Nos últimos anos, a ingloriosa vida dentro das quatro paredes das cozinhas de restaurantes tem se tornado tema de reality shows, séries e filmes. Talvez tenha sido um interesse promovido por programas como “Masterchef”, que mostram como esse universo pode ser luxuoso e, ao mesmo tempo, caótico.
A série “The Bear” e o filme “O Menu” são exemplos de como a paixão pela gastronomia viralizou. E é em torno desse mesmo universo que gira “Fome de Sucesso”, produção tailandesa dirigida por Sitisiri Mongkolsiri e escrita por Kongdej Jaturanrasamee.
Situado em Bangkok, o enredo narra a história de Aoy, uma jovem cozinheira que trabalha no restaurante de macarrões fritos de sua família. O local fica em um bairro pobre, onde pessoas humildes e sem muitos padrões de exigência comem apenas para matar sua fome e se reunir com familiares e amigos. Quando Aoy é convidada para integrar a equipe que será treinada pelo aclamado chef Paul, ela conhece um universo no qual havia vivido alheia, até o momento.
Nesta cozinha refinada e com produtos caros, Aoy pretende aprender mais sobre os alimentos em todas as suas cores, texturas e nuances. Ela deseja alcançar o mínimo de habilidade, prestígio e sucesso de seu tutor. No entanto, sua jornada na cozinha de alta gastronomia não será nada fácil e o caminho será cheio de intrigas, inveja e traições.
Chef Paul não é nada paciente e carismático. Seus métodos de ensino incluem humilhações públicas, assédio emocional, chiliques com direito a alimentos arremessados na parede e demissões intimidadoras. Aoy deve se sujeitar a situações insalubres para conseguir tirar proveito do aprendizado. Afinal, já dizia o colega Tone, com quem ela vive um breve romance: “A cozinha não é uma democracia”, e o ditador pode ser bastante abusivo.
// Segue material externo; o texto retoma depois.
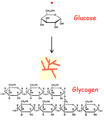 If this is foreign to you, I thought of a simple way of breaking it down that should be easy to understand without any knowledge of biochemistry. When you consume food, your body converts it to dollar bills. Dollar bills are really easy to use. If you go to a store and need to pay 5 dollars you can give 5 one-dollar bills and the transaction will be extremely simple. Excess dollar bills can be consolidated into a dollar bill of greater value such as a 5 dollar bill, or a 10 dollar bill. The singular dollar bills can be thought of as glucose and the greater value dollar bills can be seen as glycogen. Glycogen is a branched polymer (from the Greek word many parts) of glucose itself.

Mas é graças à essa experiência, que Aoy recebe um convite para ser chef de um novo restaurante. O empresário que a apadrinha promete ajudá-la a desbancar chef Paul e a se tornar uma das maiores e mais famosas chefs do mundo. Ela aceita a oferta, mas o trabalho a fará encarar desafios éticos e morais, que irão moldar seu caráter profissional e pessoal. Aoy deve decidir se está pronta para passar por cima de seus princípios para ser maior que chef Paul e alcançar o estrelato.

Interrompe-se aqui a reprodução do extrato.